Рози и сама не искала с ним встречи. Дуглас самонадеянно полагал, что она ворвется в его квартиру непрошеной гостей, как бывало прежде, и притвориться, будто ничего, в сущности, не изменилось, ничего не было, а потому вспоминать об этом не стоило. Но обнаружив у своих дверей возвращенную книгу, он понял, что всё остальное было безвозвратным. Подчеркнутая неровной линей цитата не оставляла надежд вовсе – «Раскаяние – самая бесполезная вещь на свете. Вернуть ничего нельзя. Ничего нельзя исправить. Иначе все мы были бы святыми. Жизнь не имела в виду сделать нас совершенными. Тому, кто совершенен, место в музее».
Он встретился с Гумбертом утром следующего же дня. Разговор обещал быть напряженным, но привычное волнение его не беспокоило. Дуглас был ужасно нервным. Бессонница прибавляла раздраженности. Он выпил пять чашек кофе, прочитал ужасно интригующий триллер, сюжета которого так и не смог разобрать, не в силах сосредоточиться на простых предложениях, пролистал новостную ленту до начала прошедшего месяца. В голове застрял комок из непроизнесенных слов, что Дуглас не мог разобрать, поскольку нигде не находил той самой ниточки, с которой тот начинался. И тот занимал всю его голову, давя на неё головной болью.

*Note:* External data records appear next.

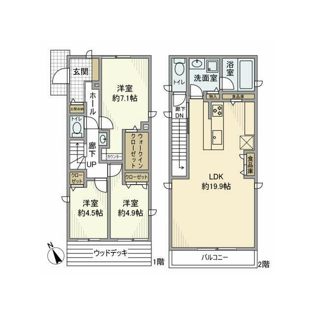 3LDK(LDK19.9、洋4.5、洋4.9、洋7.1) |
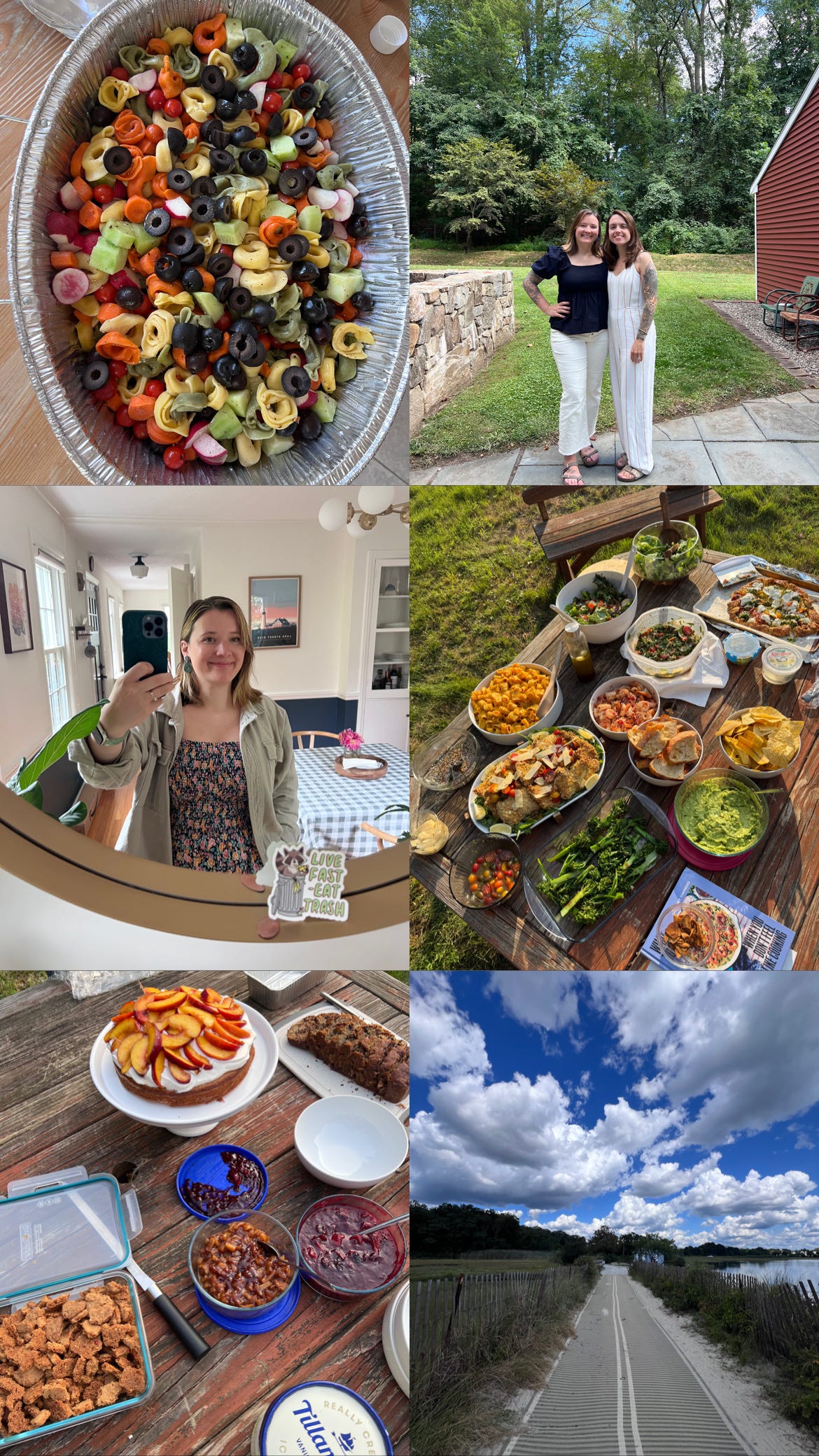 debut novel You’re Safe Here in just about six days (the fastest I’ve read anything recently), catching up with friends at Gastropark over pierogi’s from Smetana (My favorite food truck there!) and thrifting a NWT Old Navy dress from Vagabond trading company as well as a brand new Bills baseball cap at Refill Vintage. We also got to celebrate Alexa’s grandmother’s 91st birthday with an outdoor BBQ on an absolutely stunning Sunday evening, followed by another birthday for our friends son on the holiday. The weather over Labor Day Weekend was PEAK New England Summer and I’m happy to say I enjoyed so much of it. Our staycation was definitely a reminder that rest and leisure doesn’t always require travel.Another noteworthy highlight from earlier this summer: joining a cookbook club with friends. Our first pick was Wishbone Kitchen by Meredith Hayden and we shared dishes potluck-style while dining al fresco on a balmy August evening. My heirloom tomato galette with burrata was a hit, but so was the whipped ricotta with crispy garlic, the shake and bake chicken, and peach olive oil cake. Since then, I’ve remade several recipes including the sungold tomato pasta with my mom which was… chefs kiss, 10/10, NO NOTES.
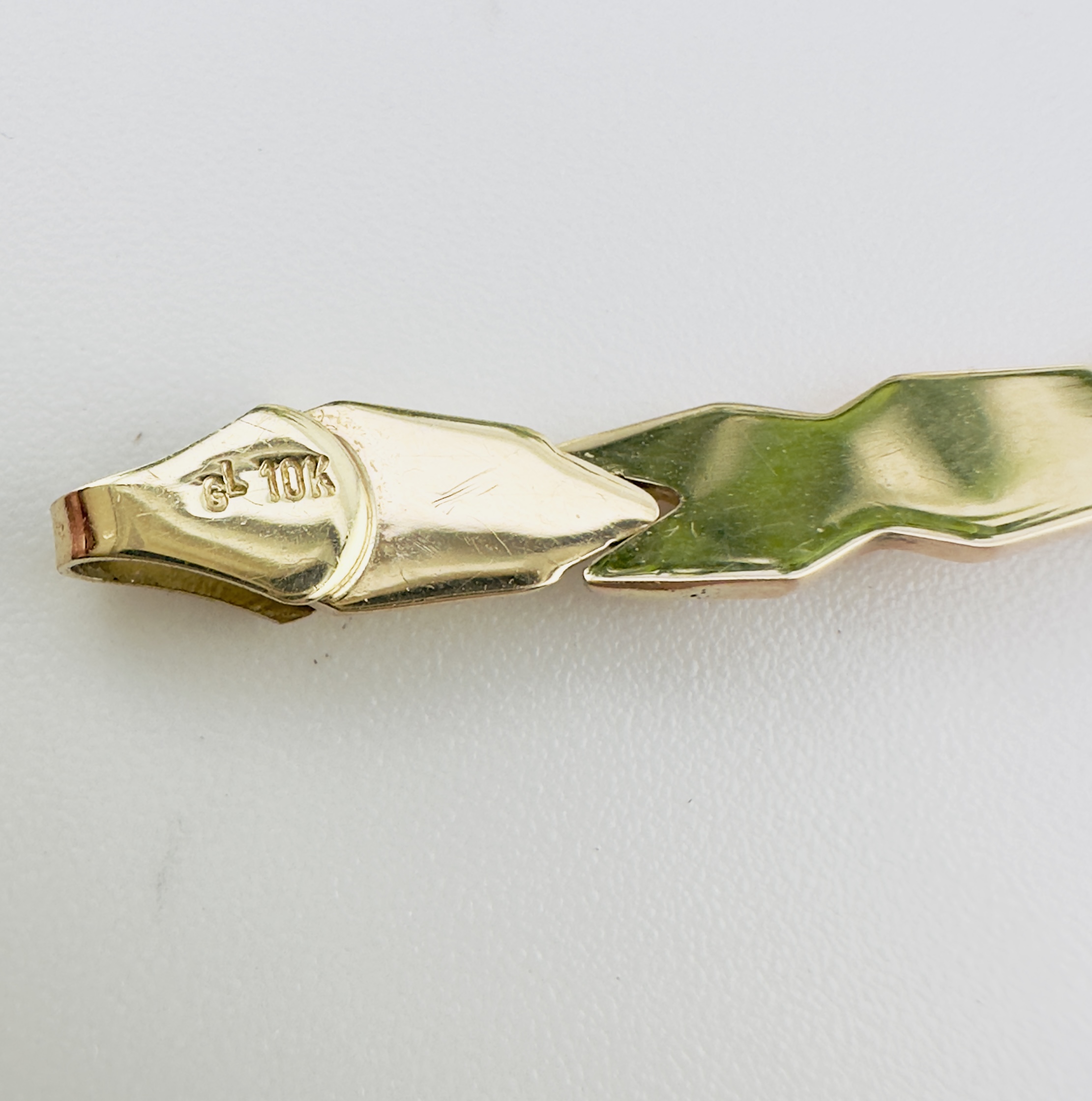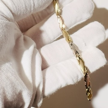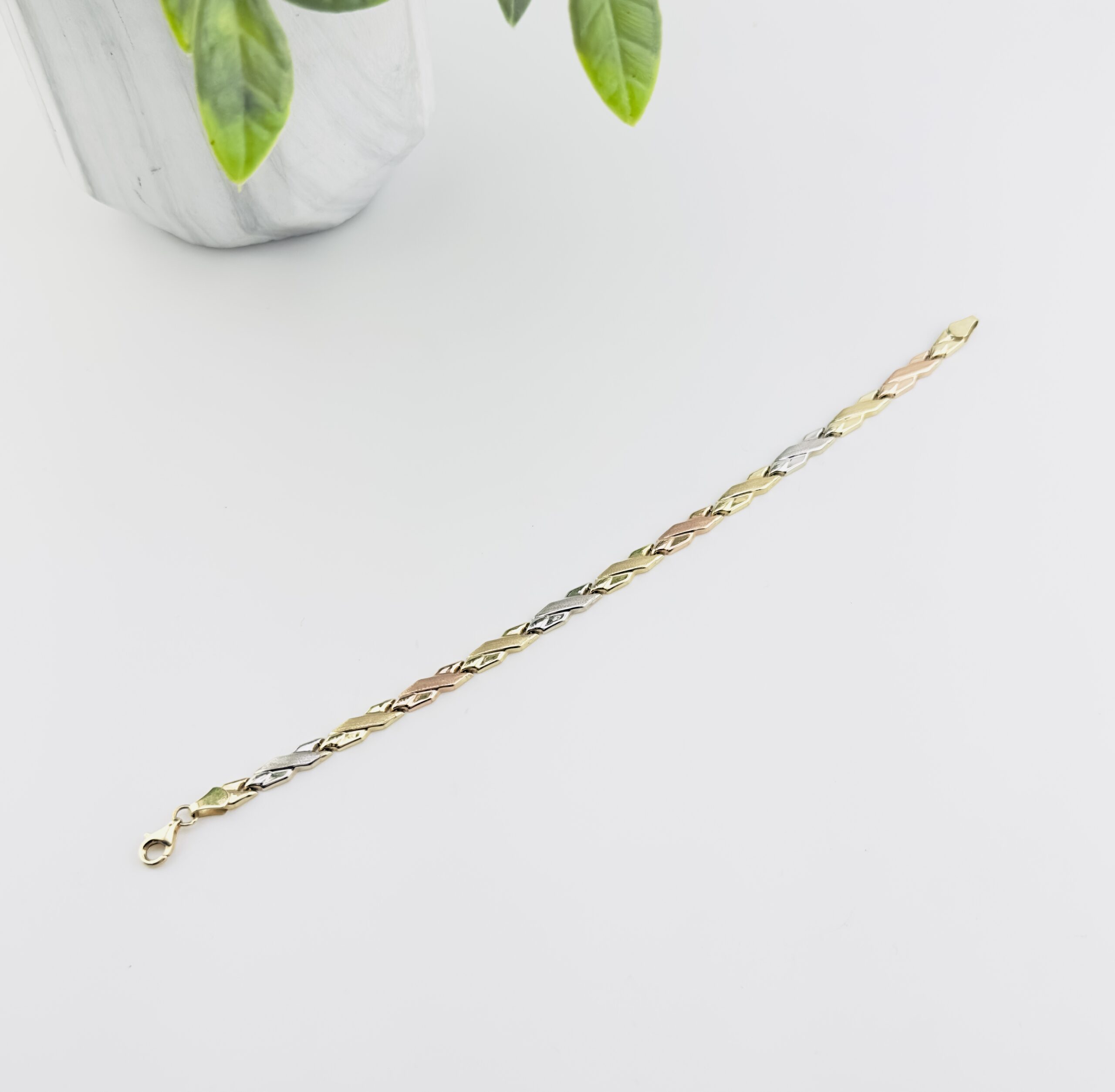 10K Yellow, White and Rose Gold Tri tone Bracelet. Ladies Link Cross Ribbon style with Lobster Clasp. 7" long. 4.75mm wide. 3.4 Grams. Pre Loved in very good condition. Save me from the Melting Pot.

Вошел в кабинет президента без стука. Прошел мимо вскочившей с места секретарши и захлопнул перед её носом двери. Гумберт поднял на него томный взгляд и возмущенно нахмурился, прежде чем успел возразить внезапному появлению.
– Я здесь по делу мистера Гудвина. И у меня есть сведения, что вы стали его зачинщиком, – сходу заявил, устало развалившись в кресле напротив стола. Уверенность сказанного заявления заставила мужчину удивиться прежде, чем возразить. Гудвин одним движением руки велел всполошенной секретарше оставить их наедине. Очевидно, он подразумевал и то, чтобы она больше никого не впускала. Теперь, когда женщина успела слухом уловить сказанное Дугласом, распространению слухов было не миновать.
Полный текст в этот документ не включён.